United States Court of Appeals, Eleventh Circuit

September 22, 2017

JEFFREY BERNARD BEEMAN, Petitioner-Appellant,
v.
UNITED STATES OF AMERICA, Respondent-Appellee.

         Appeal from the United States District Court for the Northern District of Georgia D.C. Docket Nos. 4:16-cv-00143-HLM, 4:08-cr-00038-HLM-WEJ-1

          Before JULIE CARNES and EDMONDSON, Circuit Judges, and WILLIAMS, [*] District Judge.

          JULIE CARNES, CIRCUIT JUDGE.

         In 2009 Jeffrey Bernard Beeman was convicted of being a felon in possession of a firearm, in violation of 18 U.S.C. § 922(g), being a felon in possession of ammunition, in violation of 18 U.S.C. § 922(g), and possession with intent to distribute a mixture or substance containing a detectable amount of cocaine, in violation of 21 U.S.C. § 841(a)(1), (b)(1)(C). Finding that Beeman was subject to enhanced sentences for his firearm and ammunition offenses under the Armed Career Criminal Act (ACCA), 18 U.S.C. § 924(e), the district court imposed three concurrent 210-month sentences. In 2016 Beeman filed a 28 U.S.C. § 2255 motion to vacate his sentence, contending that he was entitled to resentencing because in Johnson v. United States, 576 U.S., 135 S.Ct. 2551 (2015), the Supreme Court had struck down part of the ACCA as unconstitutionally vague. The district court denied his motion, and Beeman has appealed.

         I. BACKGROUND

         In 1990 Beeman was convicted in Georgia of aggravated assault. In 1999 he was convicted in Georgia of two counts of possession of cocaine with intent to distribute. Then, in 2009, he was convicted of the federal firearm, ammunition, and drug offenses giving rise to the 210-month sentences that he is challenging in his § 2255 motion.

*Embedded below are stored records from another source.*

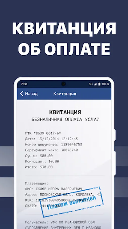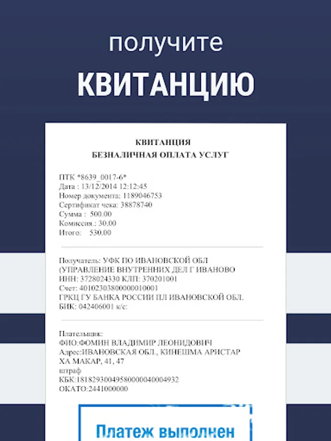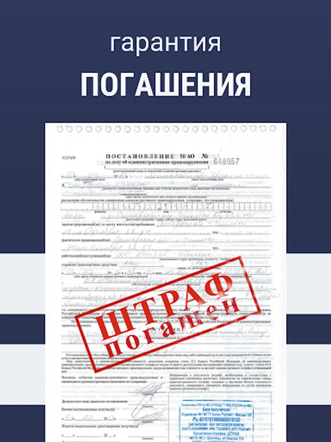 Instant payment of fines online guarantees the repayment of the administrative fine in the GIS GMP. A receipt for payment of fines will be sent to your email. A list of paid traffic police fines with a photo and receipts will be available in the application.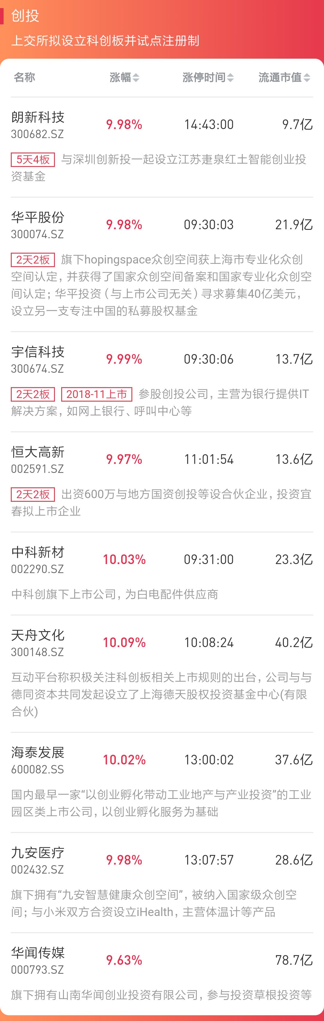创投板块炒作开始延伸至参股独角兽的板块炒作。新华传媒参股深兰科技、上海新阳参股上海新昇,佐力药业参股科济生物,与此同时,经历昨日的大幅调整,创投板块同时也有多股呈现强势态势。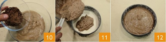 Et ajoutez-le à la pâte que vous avez obtenue 10. Beurrez et chemisez avec du papier sulfurisé un moule de 22 cm de diamètre et versez-y le mélange 11, en lissant bien avec la spatule 12.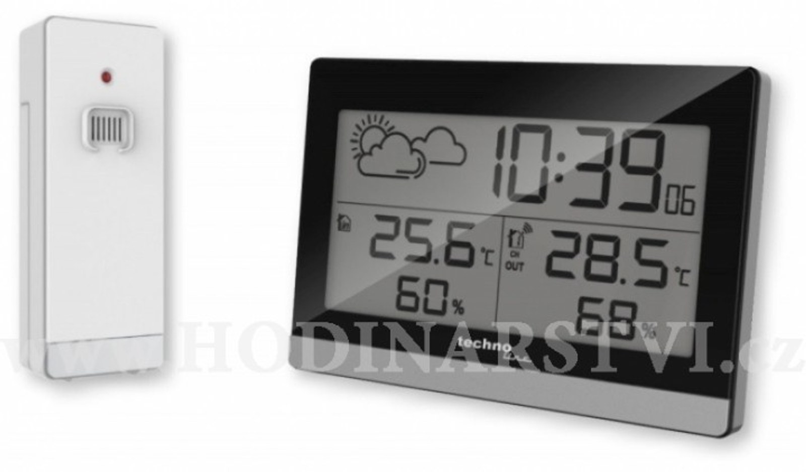 - velikost číslic na displeji – čas 22 mm, vnitřní a vnější teplota 13 mm, vnitřní a vnější vlhkost 10 mm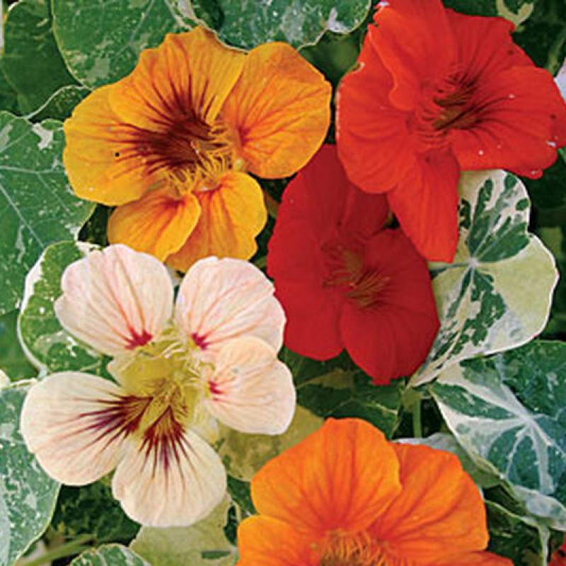 Alaska Mix' will produce a collection of gold, orange, salmon and mahogany flowers on compact plants with attractive variegated foliage. The flowers and tender young leaves will add color and a peppery zip to salads.

         Normally a conviction for being a felon in possession of a firearm or ammunition carries a statutory maximum sentence of ten years. 18 U.S.C. §§ 922(g), 924(a)(2). But if a defendant who is convicted of one of those offenses already has three or more convictions for a "violent felony" or a "serious drug offense, " the ACCA provides that he must be sentenced to at least 15 years of imprisonment. Id. § 924(e)(1). When Beeman was sentenced in 2009, the ACCA defined a "violent felony" as follows:

[A]ny crime punishable by imprisonment for a term exceeding one year . . . that-
(i) has as an element the use, attempted use, or threatened use of physical force against the person of another; or
(ii) is burglary, arson, or extortion, involves use of explosives, or otherwise involves conduct that presents a serious potential risk of physical injury to another . . . .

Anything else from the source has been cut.